[Records contained in a dataset]

=-=-=

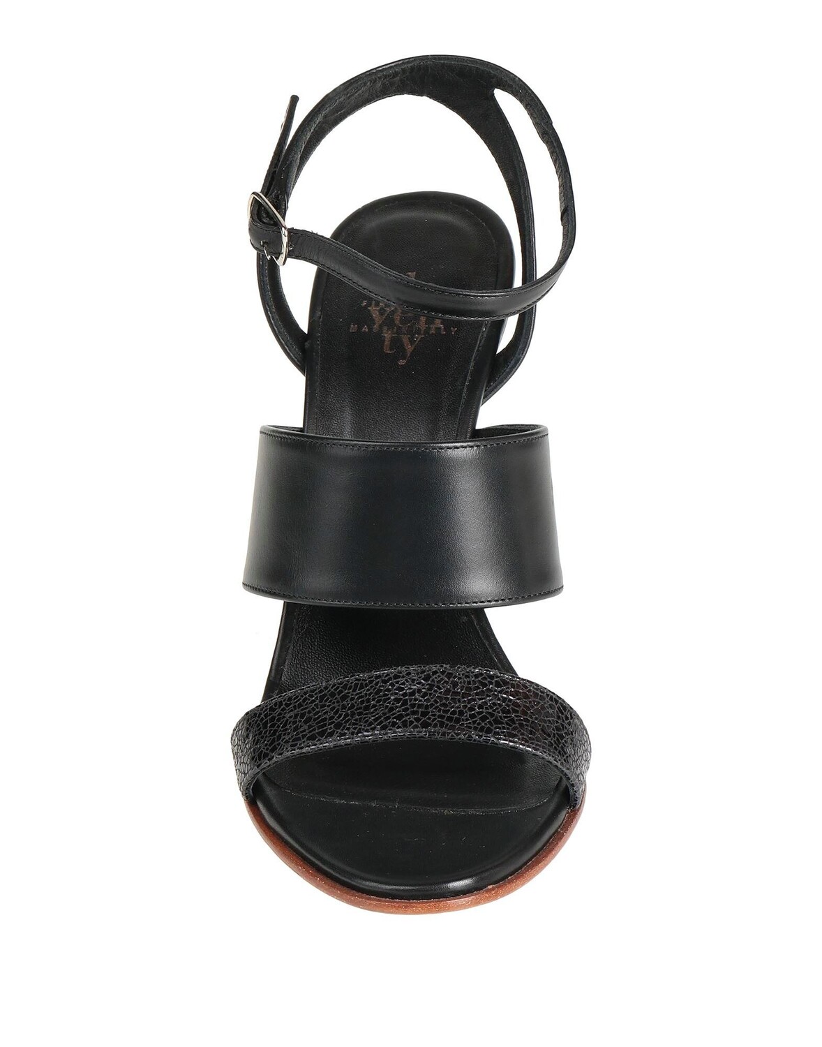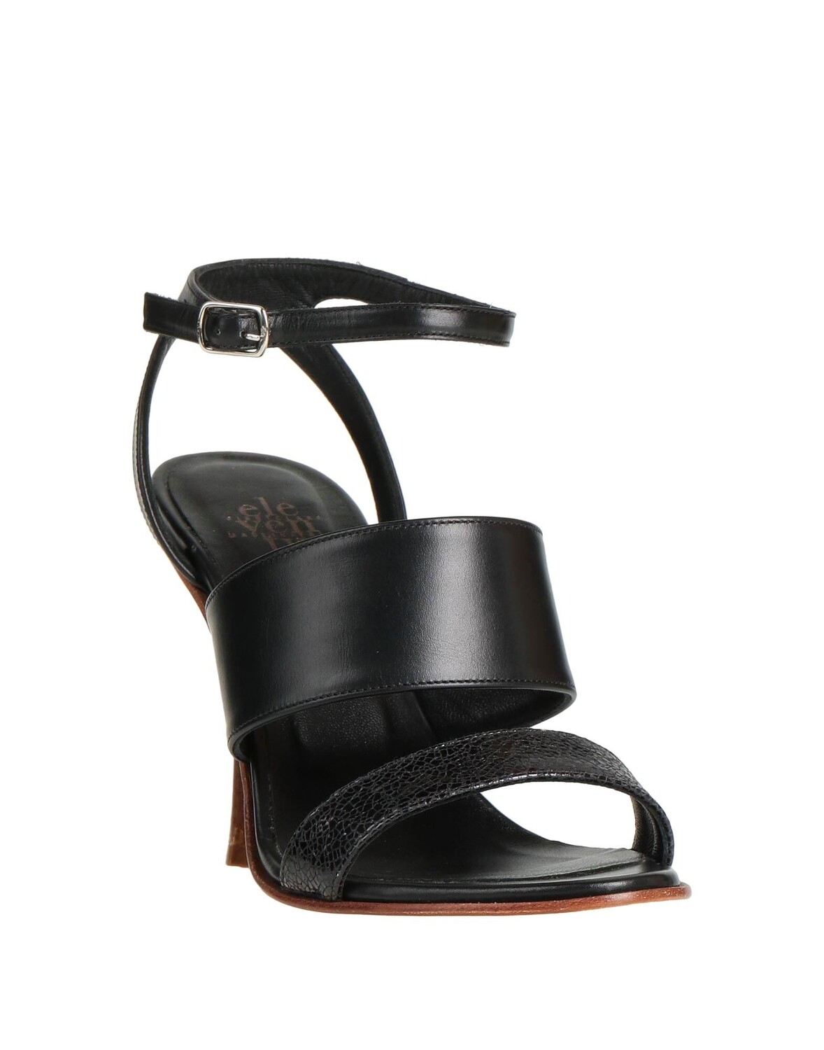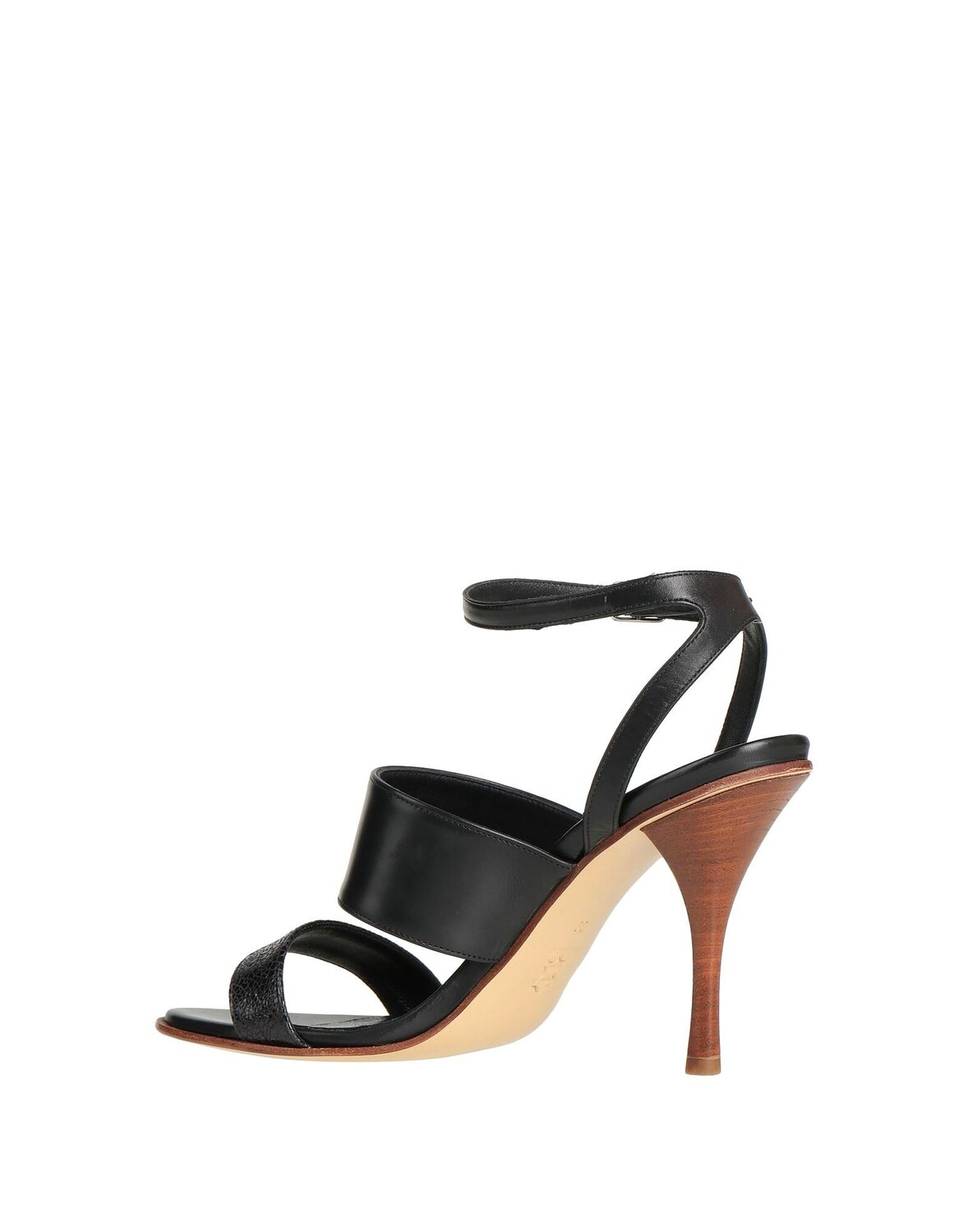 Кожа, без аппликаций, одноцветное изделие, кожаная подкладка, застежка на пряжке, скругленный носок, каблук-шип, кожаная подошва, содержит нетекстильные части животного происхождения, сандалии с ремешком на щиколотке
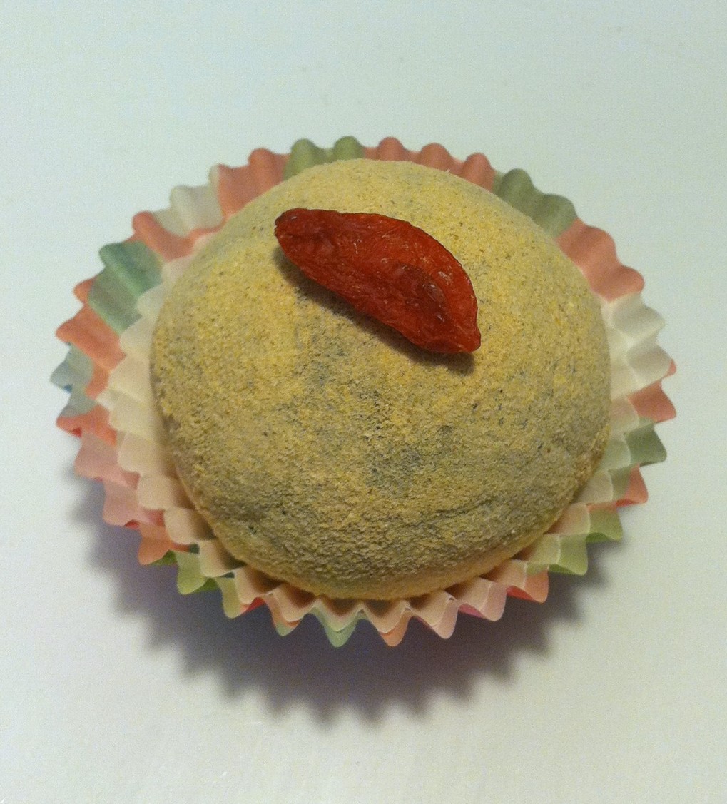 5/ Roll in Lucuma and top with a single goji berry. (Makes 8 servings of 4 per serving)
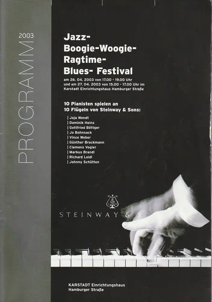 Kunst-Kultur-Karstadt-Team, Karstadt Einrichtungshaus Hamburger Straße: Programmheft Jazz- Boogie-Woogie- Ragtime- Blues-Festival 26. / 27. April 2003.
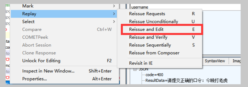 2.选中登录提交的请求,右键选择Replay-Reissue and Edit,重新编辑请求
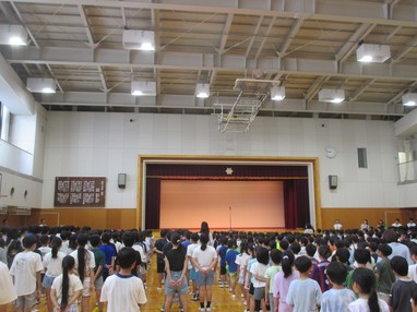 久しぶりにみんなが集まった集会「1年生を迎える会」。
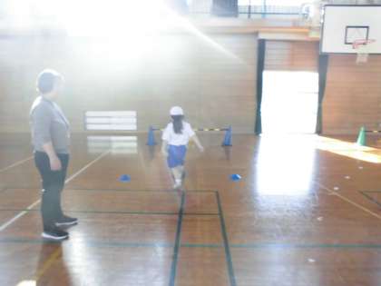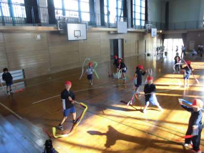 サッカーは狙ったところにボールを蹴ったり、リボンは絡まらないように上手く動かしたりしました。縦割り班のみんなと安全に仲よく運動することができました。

=-=-=

▸ Task to complete
Could you transcribe exactly the lines from the start of the records through the line containing "2.选中登录提交的请求,右键选择Replay-Reissue and Edit,重新编辑请求", both ends included, leaving the pictures out?

▸ Response box
 Кожа, без аппликаций, одноцветное изделие, кожаная подкладка, застежка на пряжке, скругленный носок, каблук-шип, кожаная подошва, содержит нетекстильные части животного происхождения, сандалии с ремешком на щиколотке
 5/ Roll in Lucuma and top with a single goji berry. (Makes 8 servings of 4 per serving)
 Kunst-Kultur-Karstadt-Team, Karstadt Einrichtungshaus Hamburger Straße: Programmheft Jazz- Boogie-Woogie- Ragtime- Blues-Festival 26. / 27. April 2003.
 2.选中登录提交的请求,右键选择Replay-Reissue and Edit,重新编辑请求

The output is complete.